Yes, avocados are a fruit! A half of an avocado contains nearly 7 grams of fiber, plus heart-healthy monounsaturated fats and anti-inflammatory benefits. Try adding mashed avocado to make a Creamy Avocado Pasta or tuck slices into an Avocado & Kale Omelet.

Other Ways to Increase Your Fiber Intake 

As mentioned above, fruit isn’t the only food that contains fiber. Vegetables, whole grains, beans, legumes, nuts and seeds all provide fiber.
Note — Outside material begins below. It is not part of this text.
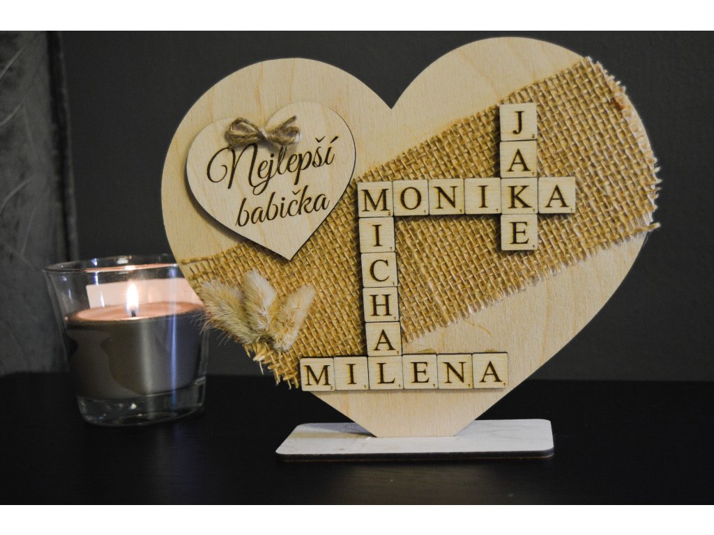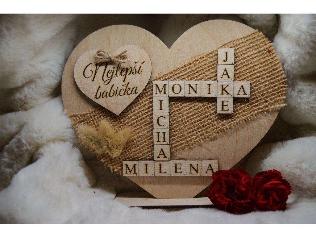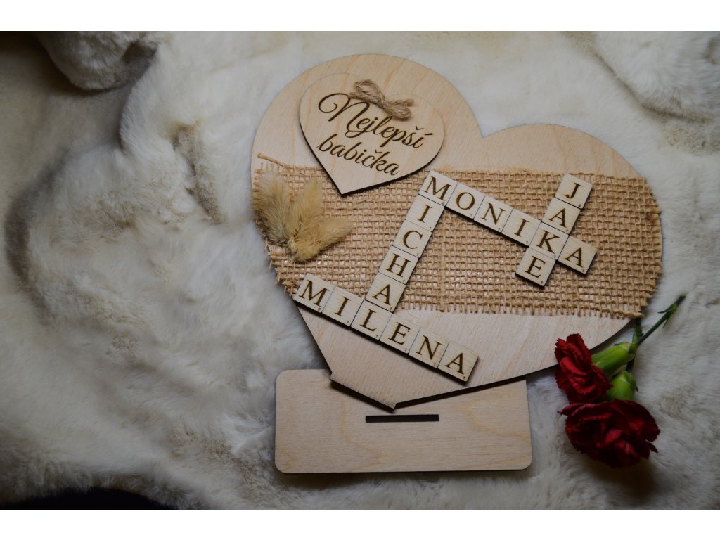 Hledáte dárek, který babičce vykouzlí úsměv na tváři a hřejivý pocit u srdce? 💕 Naše dřevěné srdce z překližky ve stojánku je přesně to pravé!

Here’s how to get more of them:

  • Enjoy avocado toast on whole-grain bread for a double dose of fiber from both the avocado and whole grains.
  • Make a grain salad, and add berries to the bowl to lend sweetness, color and extra fiber, like in our Strawberry Basil Quinoa Salad.
  • Consider trying one of these High-Fiber Meal Plans for an easy yet inspired way to ramp up your daily fiber content.
  • Reach for an apple for a snack, and serve nut butter on the side for dipping.

Our Expert Take

Fruit is a rich source of dietary fiber—particularly soluble fiber—and some of your favorites, such as raspberries, kiwis, oranges and apples, are especially high in fiber. They’re not just sweet bites to enjoy, but they can protect your heart, help you maintain a healthy weight and promote gut health. And that’s an all-around win.